Politic?

This is a blog dedicated to a personal interpretation of political news of the day. I attempt to be as knowledgeable as possible before commenting and committing my thoughts to a day's communication.

Tuesday, February 02, 2010

WMD - Again

Well, that's kind of interesting, former Prime Minister Tony Blair's defensive position on his historical decision to march alongside the United States into Iraq to liberate that country from its decided dictator. Yes, he was a brute, no doubt about it, and persisted as a menace to his neighbours and to the world at large. Well, perhaps not so much the world at large, unless we're talking petroleum and foreign investments, but certainly a menace within the Middle East.

Suspected of having stockpiled weapons of mass destruction; chemical, biological, nuclear, he was a fairly easy target for a president amazingly fixated on invading that country. Surely there was something Shakespearean about the interaction between an earlier invasion led by President Bush Sr., and a sense of unfinished business his son was determined to finish. To demonstrate to his father how an American president takes his responsibilities seriously?

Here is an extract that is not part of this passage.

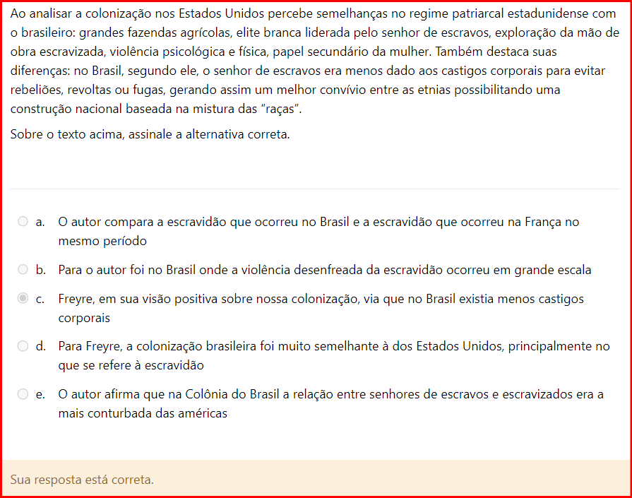 Ao analisar a colonização nos Estados Unidos percebe semelhanças no regime patriarcal estadunidense com o brasileiro: grandes fazendas agrícolas, elite branca liderada pelo senhor de escravos, exploração da mão de obra escravizada, violência psicológica e física, papel secundário da mulher. Também destaca suas diferenças: no Brasil, segundo ele, senhor de escravos era menos dado aos castigos corporais para evitar rebeliões, revoltas ou fugas, gerando assim um melhor convívio entre as etnias possibilitando uma construção nacional baseada na mistura das "raças". Sobre texto acima, assinale a alternativa correta. a. autor compara a escravidão que ocorreu no Brasil e a escravidão que ocorreu na França no mesmo período b. Para o autor foi no Brasil onde a violência desenfreada da escravidão ocorreu em grande escala c. Freyre, em sua visão positiva sobre nossa colonização, via que no Brasil existia menos castigos corporais d. Para Freyre, a colonização brasileira foi muito semelhante à dos Estados Unidos, principalmente no que se refere à escravidão e. autor afirma que na Colônia do Brasil a relação entre senhores de escravos e escravizados era a mais conturbada das américas

There must have been some kind of magnetic brotherhood-spark set off between George W. Bush and Tony Blair, two powerful world figures very much alike in very many ways; a robust friendship resulting in an international conspiracy. To persuade the rest of the world and specifically the United Nations general body that there was glorious merit in embarking on the conquest of Iraq.

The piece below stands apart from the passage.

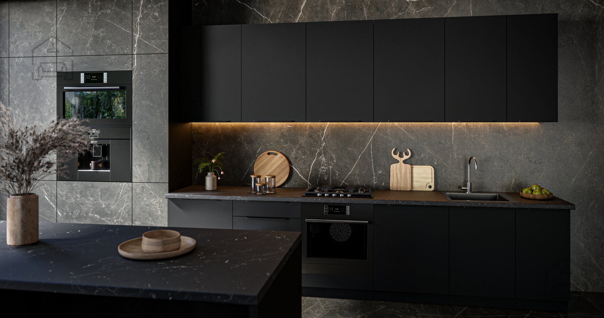 Eleganca, funkcionalnost in brezčasna preprostost se združujejo v enem – v popolni izbiri za sodobno kuhinjo, kjer kakovost in dizajn stopita v ospredje. Ta kuhinjski sestav s širino 320 cm je idealna rešitev za tiste, ki želijo ustvariti prostor, v katerem se udobje združi z estetsko dovršenostjo. Črna mat barva in minimalistični robni ročaji UA-HEXA v kombinaciji črne in aluminijaste barve poskrbijo za sofisticiran videz, ki se odlično poda tako modernim kot tudi industrijskim interierjem.

Which was speedily accomplished and poorly realized. Unleashing deadly antipathy between religious factions which the brutal Saddam Hussein had kept in check. Within the country he ruled, that is, with the minority Sunni subjugating the majority Shia, even while he fought a war of attrition with Iran, truly a Shi'ite country.

He was, in that sense, aside from his dreadful predations on the Kurdish people and the Marsh Arabs, responsible for the deaths of millions, having initiated that 7-year Iraq-Iran conflict where Iran was quite content to send masses of children into the battlefield to be extinguished for the greater glory of fundamentalist Islam.

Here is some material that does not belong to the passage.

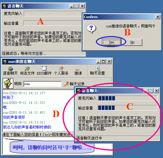 在好友窗口內單擊某"在線好友頭像"后選"語音聊天"命令(或在即時聊天窗口中點按"語音聊天"按鈕)后,主動方彈出"正等待對方應答窗口提示";而被叫方會彈出"應答與否的窗口","YES"后雙方即可聊了(下圖9)。而且,它不受防火墻的限制(下圖就是我與一個在防火墻后的朋友的聊天界面)。在這一點上,QQ就望塵莫及了!

Despite what is known today, despite the seemingly ineradicable suicide missions still erupting within Iraq and the potential for a complete melt-down of the current Shia-led government, former PM Blair insisted he would do nothing differently were he to re-visit the issue. "What we now know is that he [Saddam] retained the intent and the intellectual know-how to restart a nuclear and a chemical weapons program when the inspectors were out and the sanctions changed, which they were going to do ...

"Today we would be facing a situation where Iraq was competing with Iran, competing both on nuclear weapons capability and competing more importantly perhaps than anything else ... in respect of support of terrorist groups ... If I am asked whether I believe we are safer, more secure, that Iraq is better, that our own security is better, with Saddam and his two sons out of office and out of power, I believe indeed we are."

Perfectly self-serving. Is the country really better off than it was before the invasion? Perhaps time will give that response. Is world security improved with his removal? Not that we could notice. All the indices that were present that made it seem logical and needful to mount an invasion of Iraq are present now - far more clearly present and acknowledged - in Iran, a country clearly in possession of intent and nuclear achievement.

The same country that invaded Iraq could not be persuaded to play the heavy with Iran. Iran, in fact, presents as far more dangerous to the world community than Iraq ever did. In Iraq it was the boastful conceit of a tyrant anxious to impress the world with his puissance that had to be countenanced by warnings, sanctions, then invasion. A nuclear-lunatic Iranian administration? not so much.

The Islamic Republic of Iran is as rhetorically defiant and even more spitefully agnostic to international overtures and pleas for civility than Iraq was. A God-driven antagonism to anything remotely resembling surrender to a worldly power representing the assembled nations of the globe has taught another lesson. That delusional powerful men drunk on their vision of divine intervention cannot be reasoned with.

That direct danger to world stability and more directly to the existential future of its neighbours is most certainly dire. The response from the world body to that threat has been pitifully inadequate. The challenge to the sovereign-decision making of Iran's Supreme Ayatollah and his governing Islamic Council has fallen on deliberately deaf ears. The Iranian opposition, beset by the malign intentions of a thoroughly intransigent tyranny fends for itself.

What now? Useful suggestions, anyone? Will Mr. Blair please stand and speak a little louder?